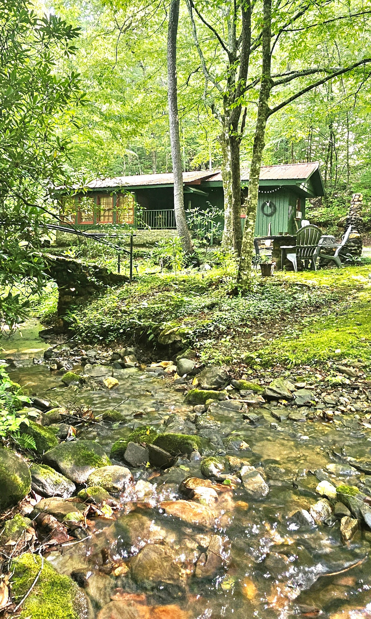 Tranquil creek side home. Enjoy your morning coffee or evening wine on the large screened in porch overlooking the creek. Blooming mountain laurel in the spring, colorful foliage in the fall.
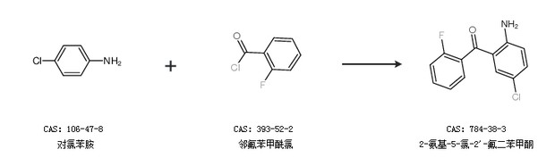 1.通过对氯苯胺和邻氟苯甲酰氯合成2-氨基-5-氯-2''-氟二苯甲酮
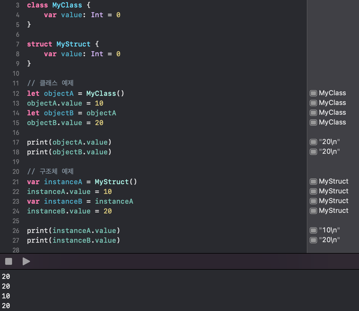 위 예제에서 클래스의 경우 objectA와 objectB는 동일한 인스턴스를 참조하므로, objectB에서 값을 변경하면 objectA의 값도 변경된다. 반면 구조체의 경우 instanceA와 instanceB는 독립적인 값을 갖기 때문에 instanceB에서 값을 변경해도 instanceA의 값에는 영향을 주지 않는다. 이처럼 swift의 class와 struct는 사용 방식과 동작 방식에 따라 적절하게 선택해 사용해야 한다.
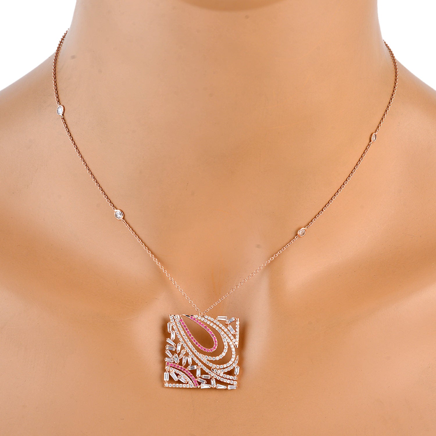 Baguette Cut Diamond & Pave Pink Sapphire Square Choker Necklace in 18K Rose Gold
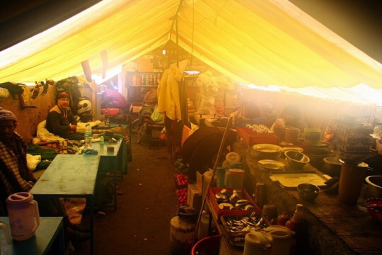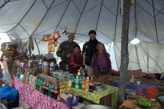 Teď už je ale dobře. Majitelka stanu vaří jeden čaj za druhým, dalbátu je taky dost a dokonce mi půjčuje deku, která je sice strašně špinavá, ale stejně mi dělá radost. Nemám totiž spacák a i ve stanu mi jde pára od huby, což znamená, že je tu maximálně 8stupňů. A možná míň. A v noci teplota ještě klesne. Deku dostal i náš mechanik, kterému jsme půjčili i suché oblečení, takže jenom září. A venku prší….
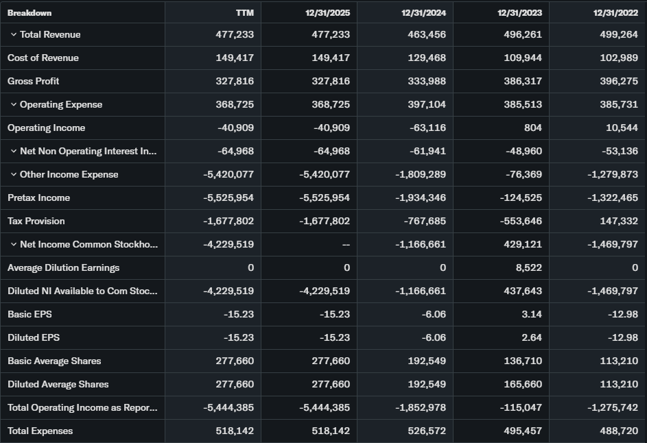 Trailing P/E negative -7.21x reflecting BTC impairment charges. Forward P/E N/A.
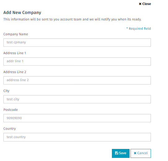 Location is the extension of the company which should exist in backend systems. If it does not exist then both “Company” and “extended Location” can be added in the form below. It is advised to have permissions for all companies in the address tree relevant to the agreement being set up. Only one location can be added per company.

+++

Assignment
Write the listing again exactly, duplicating every line and skipping the pictures.

Exercise output
 Tranquil creek side home. Enjoy your morning coffee or evening wine on the large screened in porch overlooking the creek. Blooming mountain laurel in the spring, colorful foliage in the fall.
 1.通过对氯苯胺和邻氟苯甲酰氯合成2-氨基-5-氯-2''-氟二苯甲酮
 위 예제에서 클래스의 경우 objectA와 objectB는 동일한 인스턴스를 참조하므로, objectB에서 값을 변경하면 objectA의 값도 변경된다. 반면 구조체의 경우 instanceA와 instanceB는 독립적인 값을 갖기 때문에 instanceB에서 값을 변경해도 instanceA의 값에는 영향을 주지 않는다. 이처럼 swift의 class와 struct는 사용 방식과 동작 방식에 따라 적절하게 선택해 사용해야 한다.
 Baguette Cut Diamond & Pave Pink Sapphire Square Choker Necklace in 18K Rose Gold
 Teď už je ale dobře. Majitelka stanu vaří jeden čaj za druhým, dalbátu je taky dost a dokonce mi půjčuje deku, která je sice strašně špinavá, ale stejně mi dělá radost. Nemám totiž spacák a i ve stanu mi jde pára od huby, což znamená, že je tu maximálně 8stupňů. A možná míň. A v noci teplota ještě klesne. Deku dostal i náš mechanik, kterému jsme půjčili i suché oblečení, takže jenom září. A venku prší….
 Trailing P/E negative -7.21x reflecting BTC impairment charges. Forward P/E N/A.
 Location is the extension of the company which should exist in backend systems. If it does not exist then both “Company” and “extended Location” can be added in the form below. It is advised to have permissions for all companies in the address tree relevant to the agreement being set up. Only one location can be added per company.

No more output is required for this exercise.